Number of constant pools If the value ranges from 0x0008 to 0x0009, it is 23. If the value is converted to 35 in decimal notation, it indicates that the constant pool index ranges from 1 to 35. Looking at the two graphs above, the former index starts at 0 and the latter index starts at 1.

If you don’t know the way, the constant pool analysis is really confusing. Personally, the constant pool information is “building blocks”.

In this example, the constant types involved in the constant pool are:

  • CONSTANT_Methodref_info
  • CONSTANT_Fieldref_info
  • CONSTANT_String_info
  • CONSTANT_Class_info
  • CONSTANT_Interger
  • CONSTANT_NameAndType
  • CONSTANT_Utf8

Forget about the specific table structure for a moment, the above table type structure relationship is shown as follows:

This is just the composition of the constant types involved in the current example. A constant of any type, divided continuously, will either point to a constant of the base type CONSTANT_Utf8, or be itself a base type such as CONSTANT_Interger. The basic constant type CONSTANT_Utf8 does not have much meaning on its own, while the other types are scenes that give meaning to CONSTANT_Utf8.

CONSTANT_Utf8_info can be considered the most basic type

{// constant type u1 tag; // byte length u2 length; // utF-8 encoding bytes[length]; }Copy the code

When encountering a constant of type CONSTANT_Utf8_info, the bytes are encoded in utF-8 abbreviation to get the literal

The class level information

The class defined is

public class TestClass implements Serializable
Copy the code

It contains the following information:

  • The class itself: TestClass
  • Access flag: public
  • Implement the Serializable interface
  • The parent class is Object

From the.class file format table, the only data following the constant pool is class-level data

From 0x0143 to 0x014C:

  • Access_flags (U2): the hex value is 0x0021
  • This_class (U2): decimal value 5, pointing to the 5th constant in the constant pool, type CONSTANT_Class_info, class TestClass
  • Super_class (U2): decimal value 5, pointing to the sixth constant, type CONSTANT_Class_info, class Java /lang/Object
  • Interface_count (U2): indicates the number of realized interfaces
  • Interface [0] : points to the seventh constant in the constant pool, with type CONSTANT_Class_info and interface name Java/IO /Serializable

The CONSTANT_Class_info regular scale is structured as follows

{// constant type u1 tag; // Points to an index of type CONSTANT_Utf8_info with the constant pool offset of name_index, and // represents the class or interface's permission name u2 name_index; }Copy the code

Consistent with the previous statement that constant pools are building blocks, the following types of constant pools remain the same.

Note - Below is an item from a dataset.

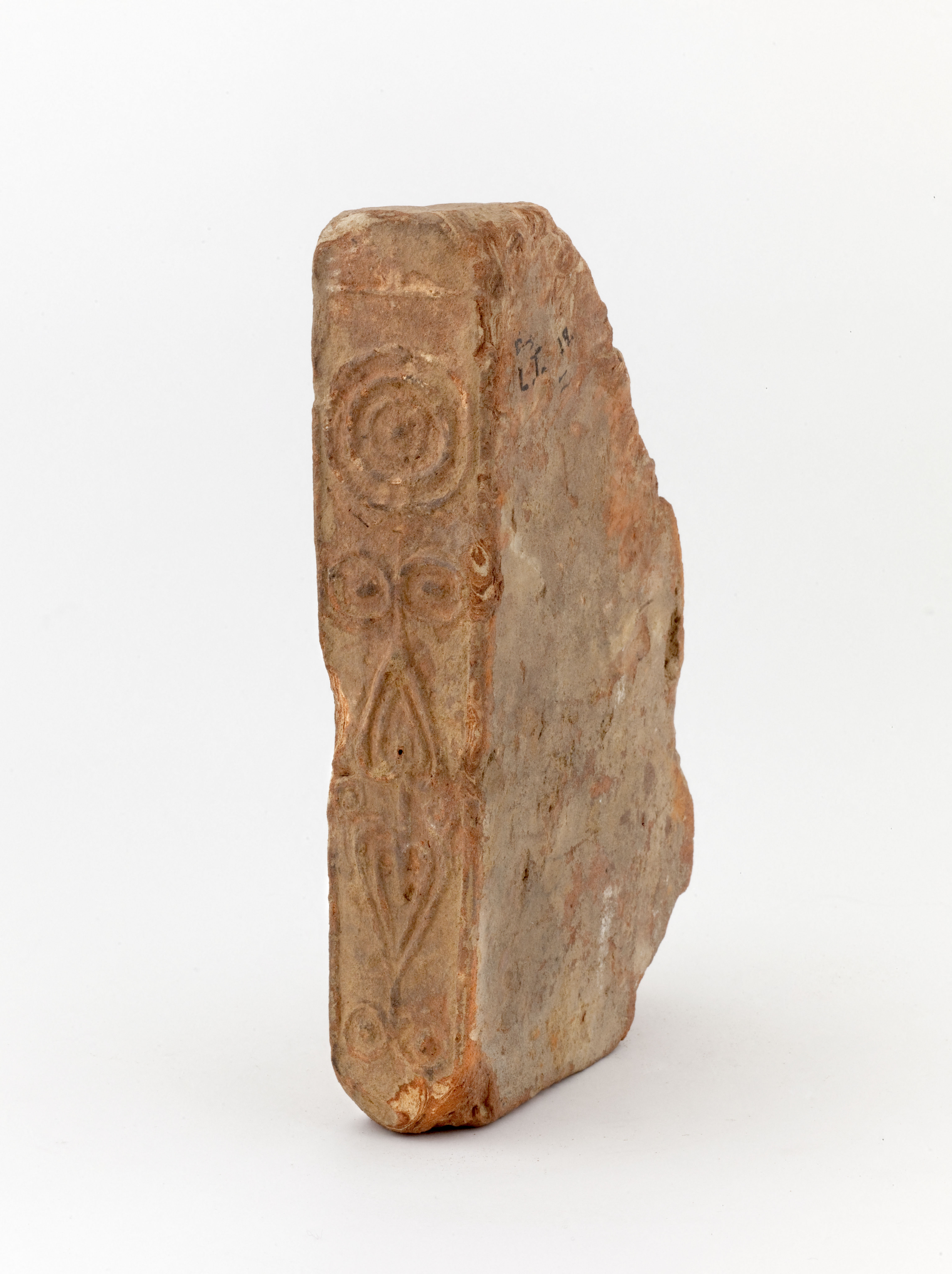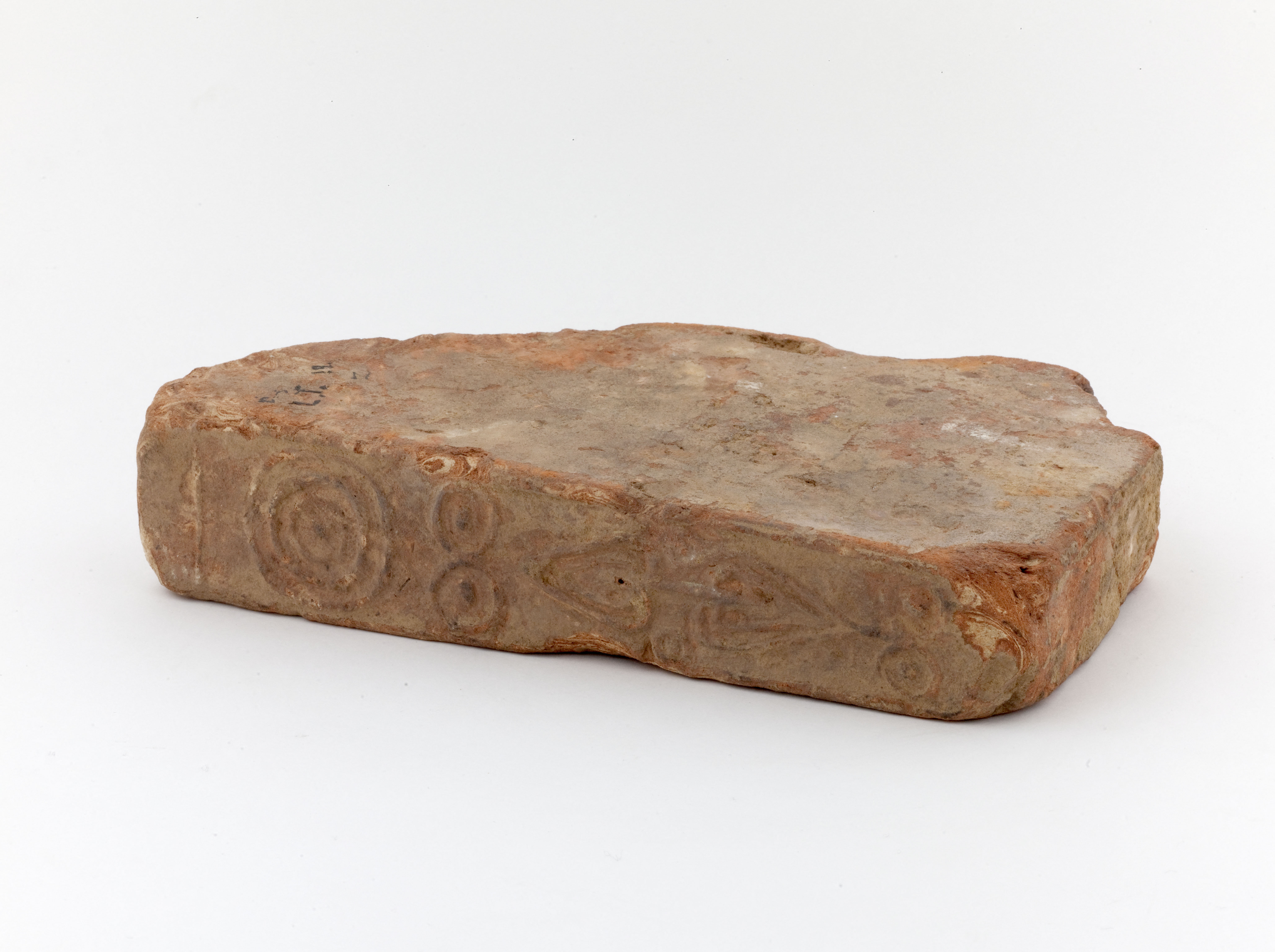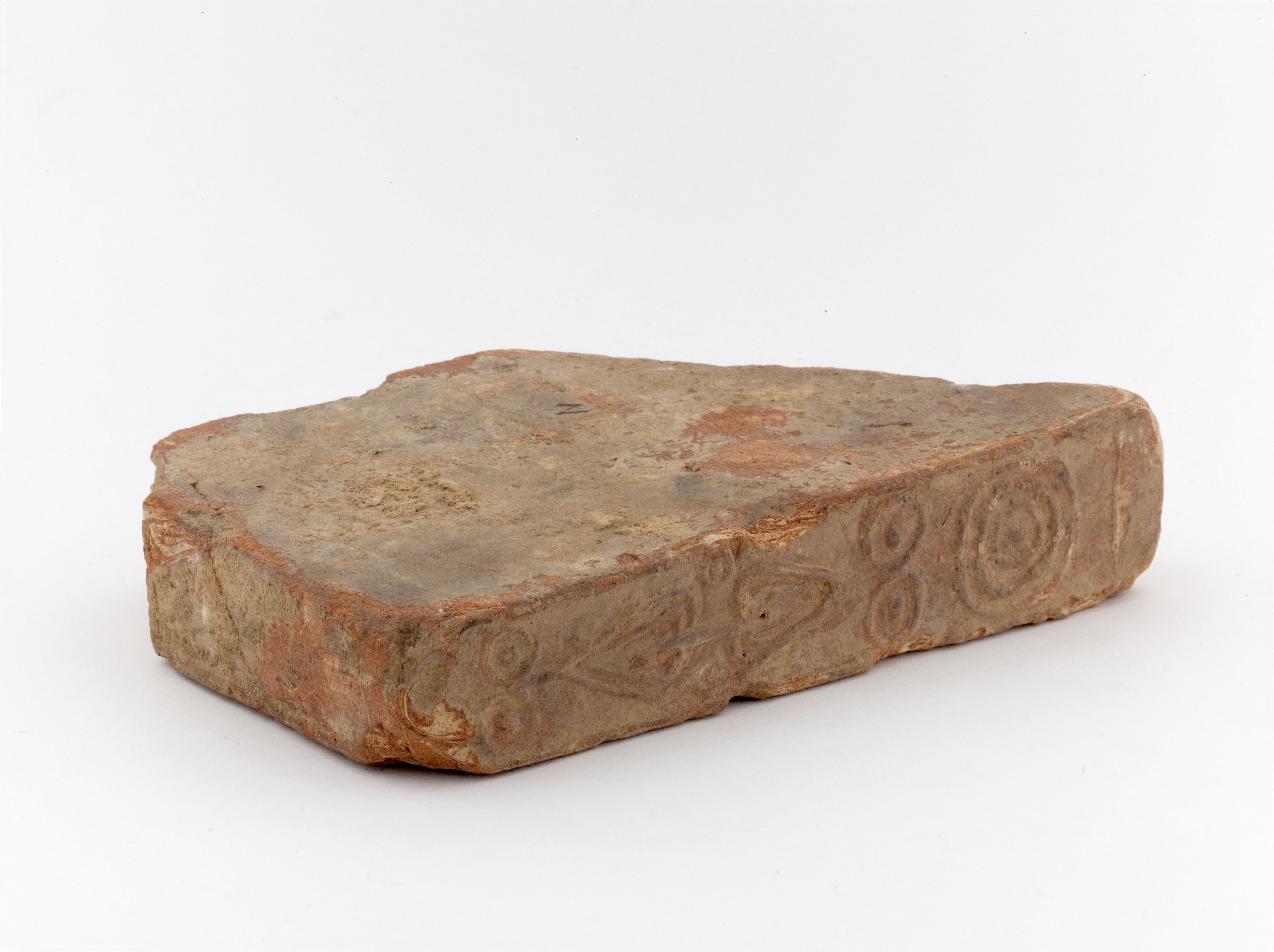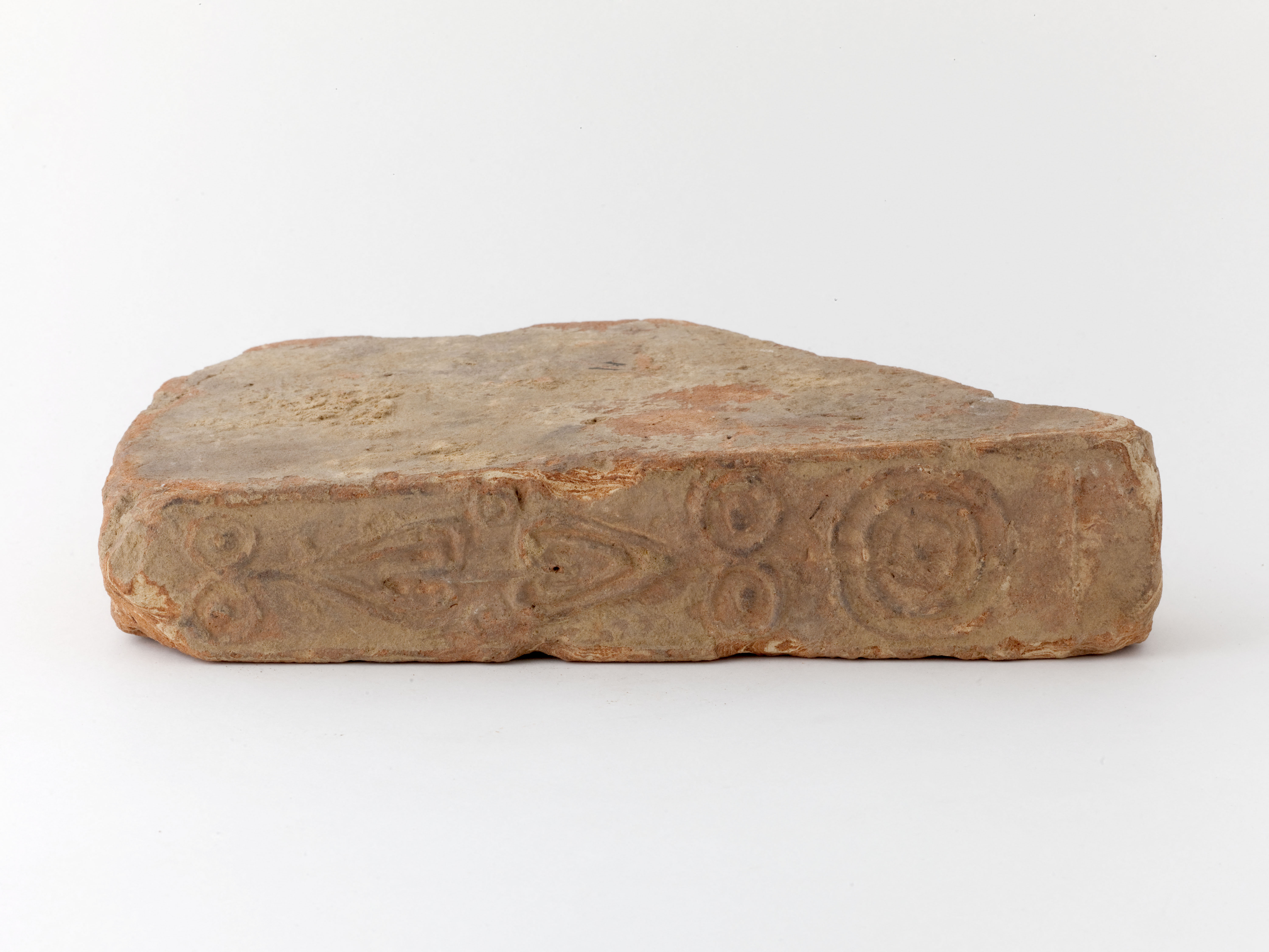 À partir de la révolte des sœurs Trưng, de 40 à 42 de notre ère, la Chine administra le nord du Vietnam de manière plus directe que précédemment. Le nouveau mode d’inhumation dans de vastes caveaux en briques introduit par les colons chinois remplaça progressivement les fosses plus simples de la culture de Đông Sơn. Pourtant, des réminiscences des motifs décoratifs dongsoniens apparaissent encore sur le décor estampé de certaines briques. Celle-ci présente un décor de trois cercles concentriques autour d’un point. De ces cercles émane un axe auquel s’accrochent quatre autres cercles pointés et deux cœurs.

Access flags are represented by flag bits, and the meanings of each flag are shown in a table

Sign the name Flag values meaning
ACC_PUBLIC 0x0001 Whether the type is public
ACC_FINAL 0x0010 Final or not, only classes can declare it
ACC_SUPER 0x0020 Whether to allow the use of invokespecial bytecode instructions new semantics, in JDK 1.0.2 has changed the need to distinguish
ACC_INTERFACE 0x0200 Identifies this as an interface
ACC_ABSTRACT 0x0400 Whether the type is abstract
ACC_SYNTHETIC 0x1000 Indicates that this class is not generated by user code
ACC_ANNOTATION 0x2000 Mark this as an annotation
ACC_ENUM 0x4000 Identifies this as an enumeration

The current situation of 0 x0001 | 0 x0021 x0020 = 0

Attribute (Attribute table)

Property tables are special..class files, field tables, method tables, and so on can carry their own set of property tables to describe proprietary scenarios, and therefore prespecify this table.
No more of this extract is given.